Why Celtics' 2019 NBA Draft Plans Could Be Changed by Kings' Hot Start

The Sacramento Kings have a better record than the Boston Celtics on the day after Thanksgiving. Who saw that coming?

Certainly not the Celtics, whose 2019 NBA draft plans possibly are being ruined in the process.

At 10-8, the Kings are just .007 win percentage points out of a Western Conference playoff spot, so if the season ended today -- we know it doesn't -- they'd receive a lottery pick in the draft.

Not so fast, though: That pick actually would go to the Celtics through some complicated maneuvers resulting from Sacramento's 2015 Carl Landry-Jason Thompson-Nik Stauskas trade with the Philadelphia 76ers. Essentially, the Celtics will receive the more favorable of the 76ers' and the Kings' 2019 first-round picks unless that pick is No. 1 overall, in which case Boston would acquire the least favorable of Philadelphia and Sacramento's selections.

[RELATED: Bogi, Bjelica carry surging Kings to 10th win]

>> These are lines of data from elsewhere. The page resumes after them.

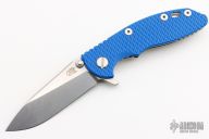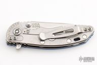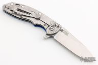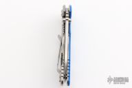 This 3" Slicer XM-18 flipper from Hinderer Knives has a stonewashed blade with notched thumbrest and flipper, no choil. Blue G-10 scale and a stonewashed titanium frame and clip. Reversible pocket clip. Strong lock up, nice detent and blade seating is center. Includes original box, extra bushings and papers. Excellent condition.
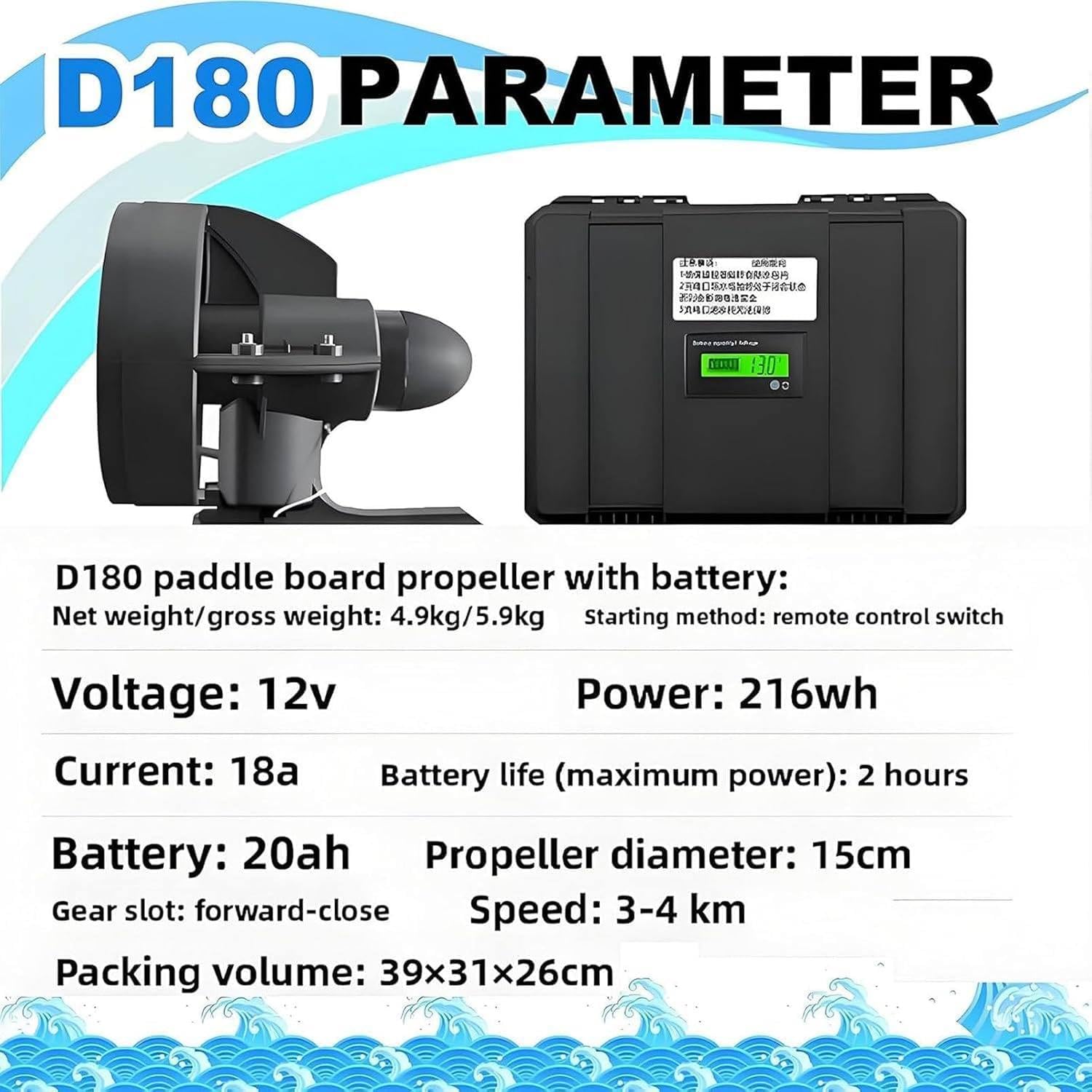 Tired of missing the scenery while paddling due to exhaustion? The underwater propeller fin is your solution to explore further without the need for excessive effort. Simply press to activate the turbine power, extending your journey up to five times. Its folding design allows it to transform into a compact 'water backpack' instantly, perfect for navigating rapids, island hopping, or enjoying sunset cruises.FEATURES1.Waterproof Electric Fin Motor for Paddle Boards.2. with a top speed of over 5 mph.3. Battery lasts up to 2.5 hours at low speeds and up to 45 minutes at high speeds.4. Adapters Can Be Used Separately For Inflatables, Slide-In Fin Boxes Or Flip-Lock Fin Boxes, Adapters For Attaching To Kayaks And Canoes.5. Recreational paddle boards can be used in safe waters for stand up reward paddling, water yoga, family outings.SPECIFICATIONSName:Underwater propeller finStarting method: remote switchPower: 216wh/288whVoltage: 12VCurrent: 18A/24ABattery life (maximum power): 1.5/2 hoursBattery: 20AhPropeller diameter: 15cmGear Options: Forward / OffSpeed: 3-4km/4-5kmNet weight: 4.9KG/5.1kgOccasion: Offshore watersPackage includes:1× Electric thruster fin1× Battery1× Battery pack1× Charger1× Remote control1× Waterproof bagTIPS:1. For optimal performance, fully charge the battery before use. Charging takes approximately 2 hours.2. Ensure the charging port remains closed to prevent battery damage.3. The controller is not waterproof; store it in the provided waterproof bag during use.
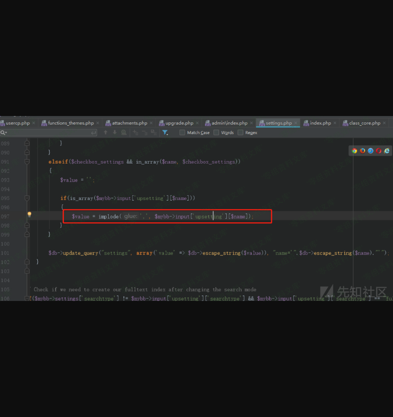 对该变量进行跟踪,$mybb->settings['avataruploadpath'],发现对$mybb->settings[\'uploadspath\']变量的控制就需要对文件进行修改进行查询,针对关键函数进行搜索:$db->update_query("settings"发现在\mybb\admin\modules\config\settings.php文件下1101行:
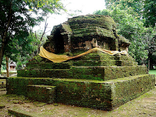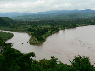 El verde paisaje es maravilloso y podemos contemplar el gran río Mekong. Las vistas desde el mirador son magníficas y te puedes pasar allí un buen rato admirando la grandiosidad del lugar. Nosotros ascendimos unas largas escaleras para ver los restos de lo que fue un templo, destruido por los Birmanos.

The Celtics' hope entering the season was that the Kings would be, well, the Kings and finish toward the Western Conference cellar. But they aren't, so right now, Sacramento's pick, pending how the ping-pong balls dropped and how the random tiebreaker draw went, would be either No. 13 or No. 14.

Because the Eastern Conference is weak beyond the Raptors, Bucks and 76ers, the 9-9 Celtics would make the playoffs if the season ended today, even though they're one win worse than the Kings. A first-round exit -- a shocker for a team once favored to win the conference -- could put Boston's own pick at No. 15.

The Celtics might have four first-round selections in next year's draft, if scenarios involving the Clippers and the Grizzlies fall their way. But landing just a mid-round pick from the Kings surely wasn't what Boston had in mind.